Instructions for the task: Every line of the listing belongs in your answer exactly as written; the images do not.

Data under study:

▼

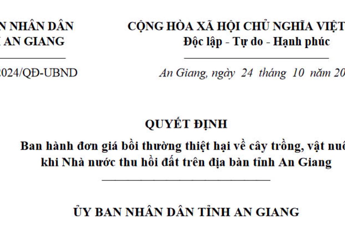 Ủy ban nhân dân tỉnh An Giang ban hành Quyết định số 52/2024/QĐ-UBND, ngày 24/10/2024 Ban hành đơn giá bồi thường thiệt hại về cây trồng, vật nuôi khi nhà nước thu hồi đất trên địa bàn tỉnh An Giang
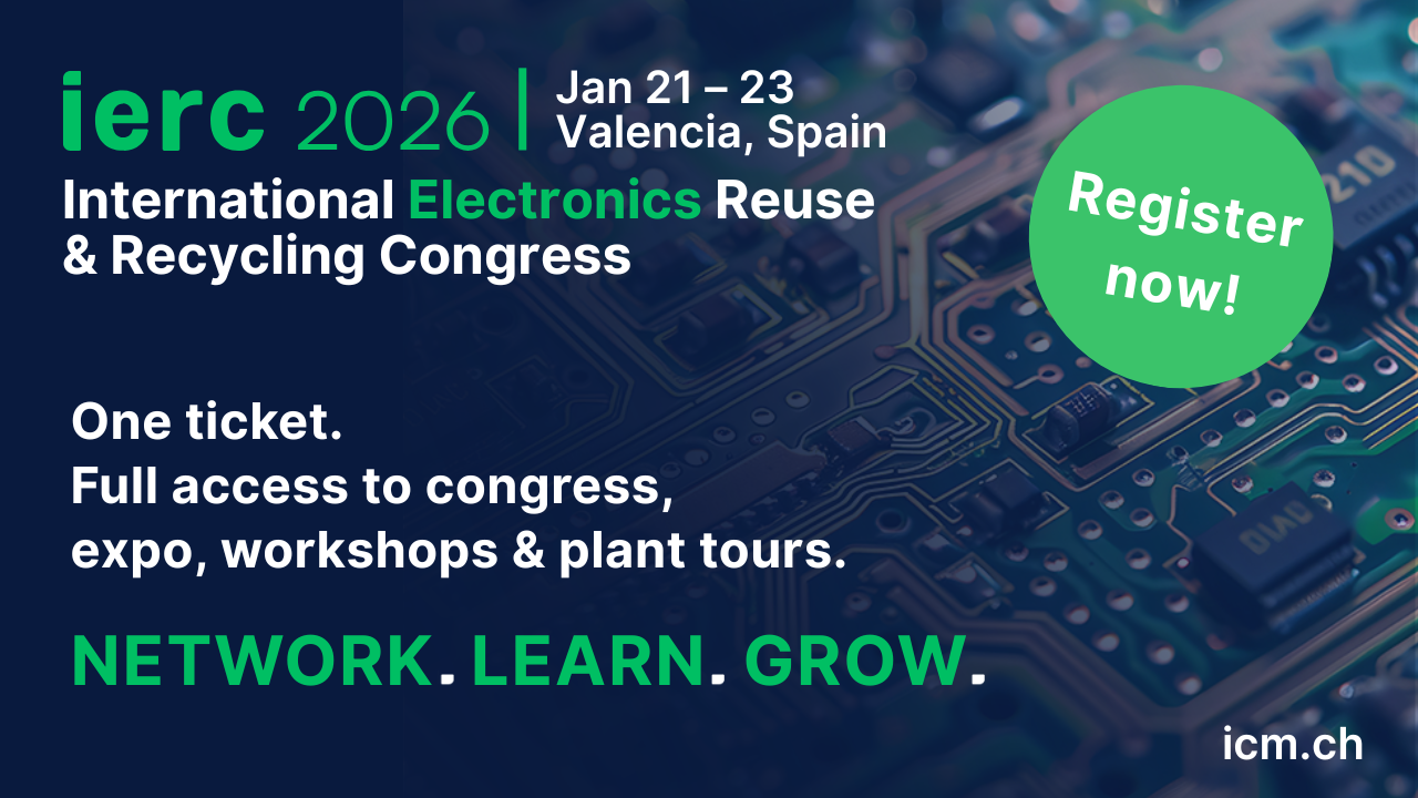 Valencia, 8 January 2026. The International Electronics Reuse and Recycling Congress, IERC 2026, will open in the Palacio de Congresos in Valencia on 21st January 2026. The congress, organised by ICM, the international leader in circular economy congresses, brings together the most influential actors from the entire electronics recycling value chain every year to discuss the key
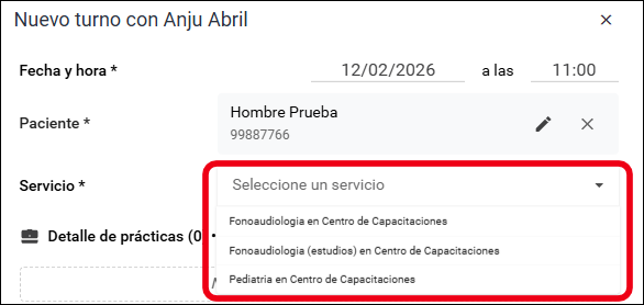 - Seleccioná la práctica, si el servicio incluye más de una
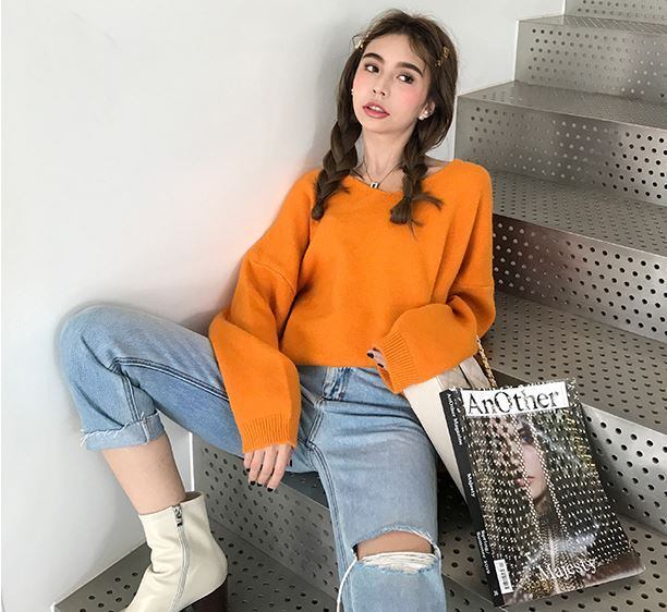 ニット セーター 長袖 シンプル 無地 大人カジュアル Vネック 薄手 ゆったり ビッグサイズ 秋
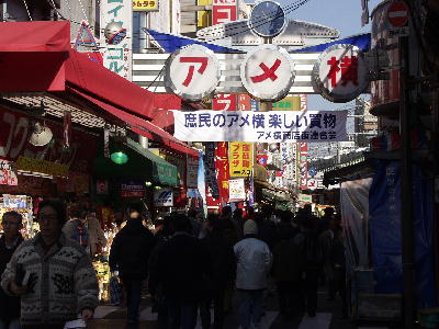 上野から御徒町までの高架下は「アメヤ横町」として全国的にも有名である。
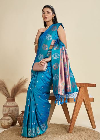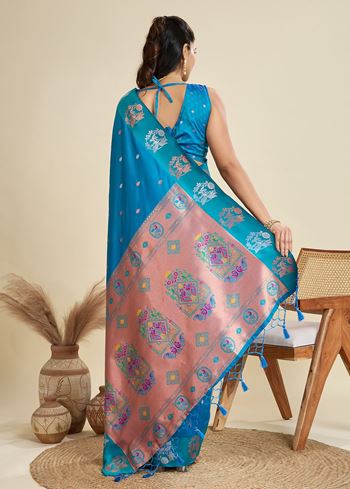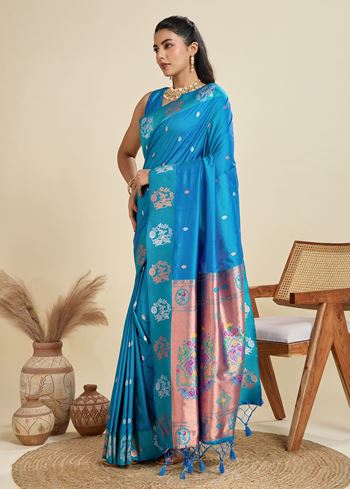 The true showstopper is the exquisitely woven Paithani-inspired pallu, featuring traditional floral and peacock elements in zari, creating a captivating contrast against the cool, refreshing body. The coordinated firozi blouse in Banarasi silk ensures a seamless and polished look, ideal for festive celebrations, day weddings, or intimate gatherings.
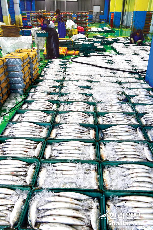 14일 제주시 한림읍 한림수협 어판장에서 어민들이 경매를 마친 신선한 고등어 포장 작업을 하고 있다. 강희만기자
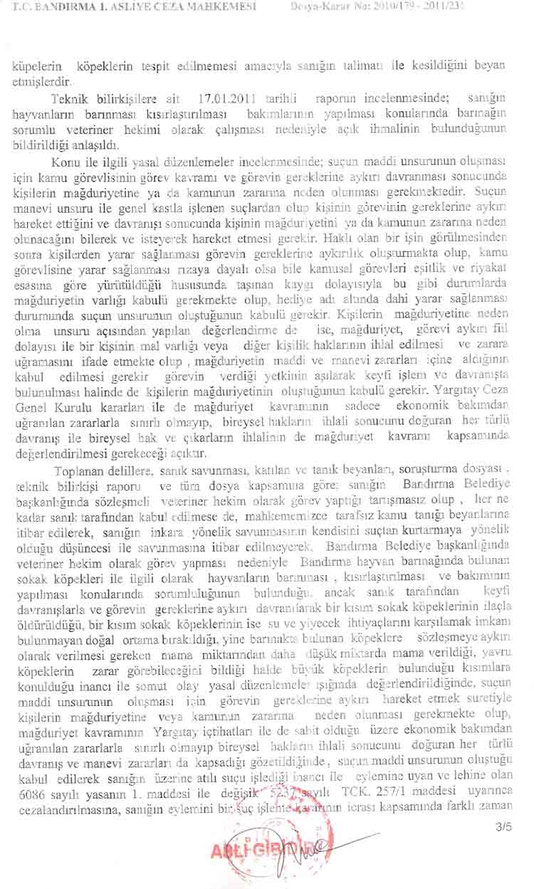 Bandırma 1. Asliye Ceza Mahkemesi, bakmak ve rehabilite etmekle sorumlu olduğu sokak köpeklerinden 12’sini boş arazilere ve dağlara bırakarak ölüme terk ettiği iddia edilen Cem Karabıyık hakkında, TCK’nın 257-1 Maddesi gereğince ’görevi kötüye kullanmak’’ suçundan 6 ay 15 gün hapis kararı verdi.
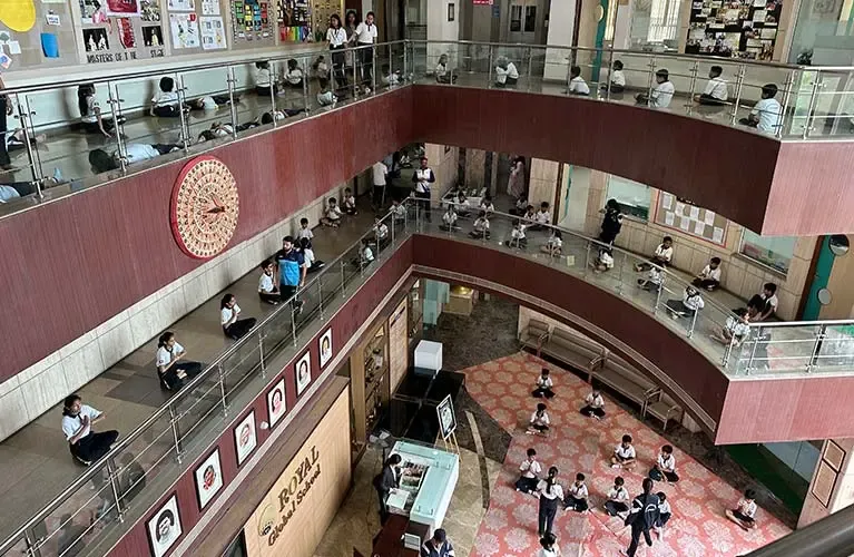 Our Royal Global School logo symbolizes the 360 degrees development of students with active and creative minds, a sense of understanding and compassion for others, and the courage to act on their beliefs globally- thus the Globe. The emerging bubbles on the Global stresses on the growth and total development of each child: spiritual, moral, intellectual, social, emotional, and physical.
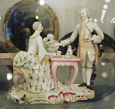 Kaffe- oder Kakaotischchen mit einer sitzenden Frau und einem stehenden und einschenkenden Mann
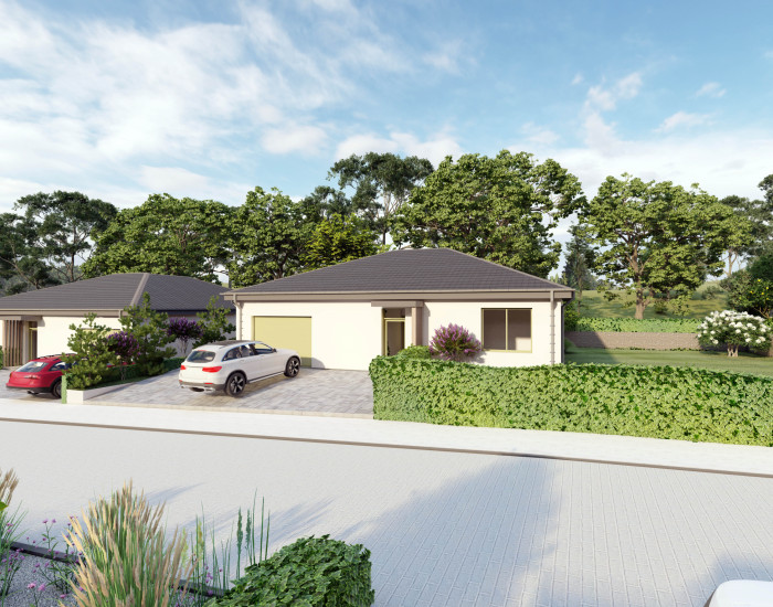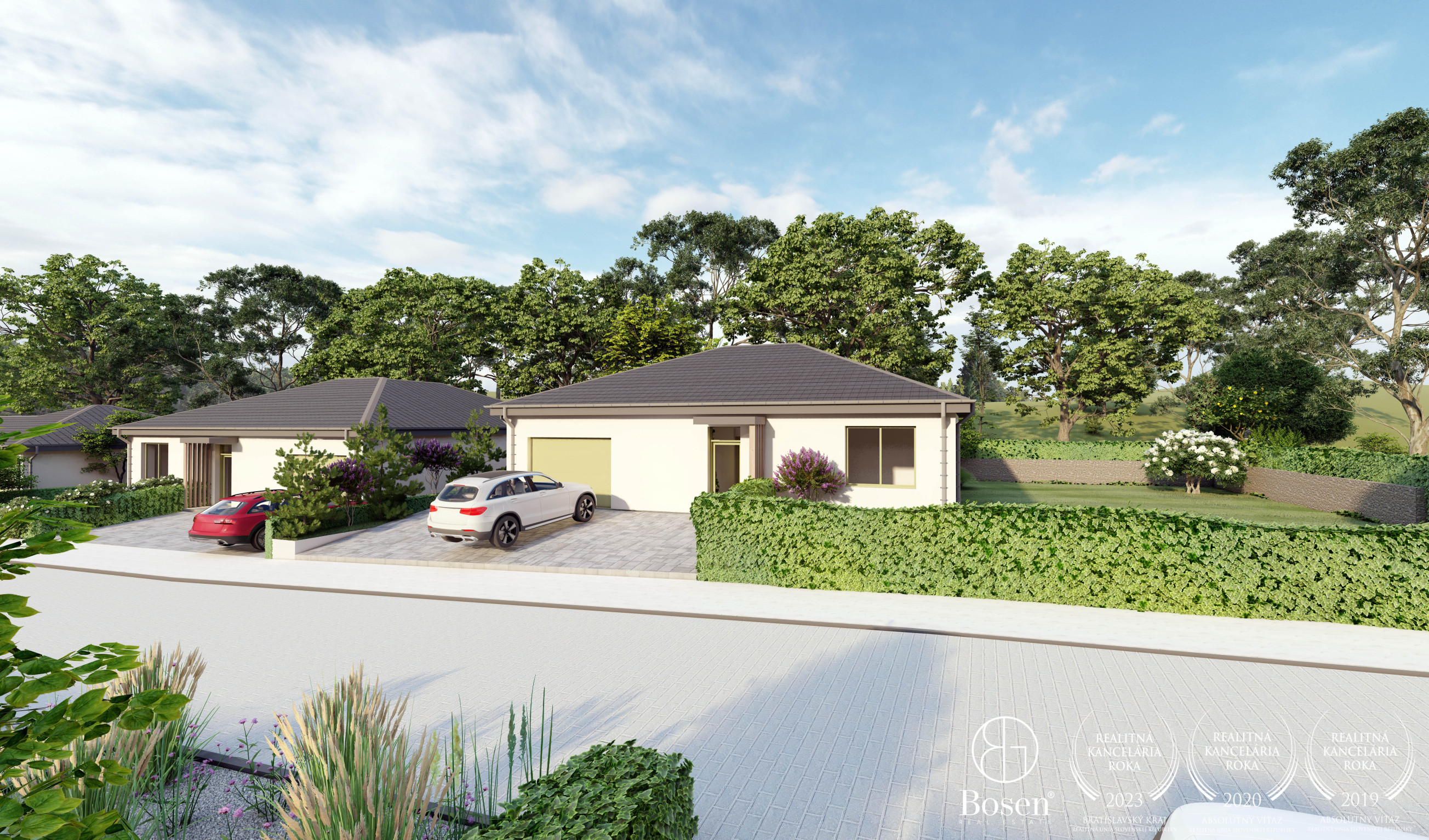 SAMOSTATNE STOJACI RODINNÝ DOM: v ponuke sú 2 prízemné 4 izbové rodinné domy. Domy budú postavené do štádia "štandard"- vymaľované steny, osadené vypínače, zásuvky, interiérové dvere a zárubne, obklady a sanita v kúpeľniach vrátane dokončeného exteriéru - oplotenie, brána a vybudované parkovacie miesta pred domom. Farebné prevedenie štandardu je voliteľné. V cene je predpríprava na vonkajšie elektrické žalúzie, klimatizácia, alarm a fotovoltiku. Vykurovanie bude zabezpečené tepelným čerpadlom. Domy budú napojené na elektrinu, vodu, kanalizáciu a optickú sieť. Projekt je v štádiu prípravy výstavby - je vydané stavebné povolenie. Predpokladaný termín zahájenia výstavby rodinných domov je jarné obdobie 2026 a predpokladaný termín dokončenia je v roku 2027.

▲

Written solution:
 Ủy ban nhân dân tỉnh An Giang ban hành Quyết định số 52/2024/QĐ-UBND, ngày 24/10/2024 Ban hành đơn giá bồi thường thiệt hại về cây trồng, vật nuôi khi nhà nước thu hồi đất trên địa bàn tỉnh An Giang
 Valencia, 8 January 2026. The International Electronics Reuse and Recycling Congress, IERC 2026, will open in the Palacio de Congresos in Valencia on 21st January 2026. The congress, organised by ICM, the international leader in circular economy congresses, brings together the most influential actors from the entire electronics recycling value chain every year to discuss the key
 - Seleccioná la práctica, si el servicio incluye más de una
 ニット セーター 長袖 シンプル 無地 大人カジュアル Vネック 薄手 ゆったり ビッグサイズ 秋
 上野から御徒町までの高架下は「アメヤ横町」として全国的にも有名である。
 The true showstopper is the exquisitely woven Paithani-inspired pallu, featuring traditional floral and peacock elements in zari, creating a captivating contrast against the cool, refreshing body. The coordinated firozi blouse in Banarasi silk ensures a seamless and polished look, ideal for festive celebrations, day weddings, or intimate gatherings.
 14일 제주시 한림읍 한림수협 어판장에서 어민들이 경매를 마친 신선한 고등어 포장 작업을 하고 있다. 강희만기자
 Bandırma 1. Asliye Ceza Mahkemesi, bakmak ve rehabilite etmekle sorumlu olduğu sokak köpeklerinden 12’sini boş arazilere ve dağlara bırakarak ölüme terk ettiği iddia edilen Cem Karabıyık hakkında, TCK’nın 257-1 Maddesi gereğince ’görevi kötüye kullanmak’’ suçundan 6 ay 15 gün hapis kararı verdi.
 Our Royal Global School logo symbolizes the 360 degrees development of students with active and creative minds, a sense of understanding and compassion for others, and the courage to act on their beliefs globally- thus the Globe. The emerging bubbles on the Global stresses on the growth and total development of each child: spiritual, moral, intellectual, social, emotional, and physical.
 Kaffe- oder Kakaotischchen mit einer sitzenden Frau und einem stehenden und einschenkenden Mann
 SAMOSTATNE STOJACI RODINNÝ DOM: v ponuke sú 2 prízemné 4 izbové rodinné domy. Domy budú postavené do štádia "štandard"- vymaľované steny, osadené vypínače, zásuvky, interiérové dvere a zárubne, obklady a sanita v kúpeľniach vrátane dokončeného exteriéru - oplotenie, brána a vybudované parkovacie miesta pred domom. Farebné prevedenie štandardu je voliteľné. V cene je predpríprava na vonkajšie elektrické žalúzie, klimatizácia, alarm a fotovoltiku. Vykurovanie bude zabezpečené tepelným čerpadlom. Domy budú napojené na elektrinu, vodu, kanalizáciu a optickú sieť. Projekt je v štádiu prípravy výstavby - je vydané stavebné povolenie. Predpokladaný termín zahájenia výstavby rodinných domov je jarné obdobie 2026 a predpokladaný termín dokončenia je v roku 2027.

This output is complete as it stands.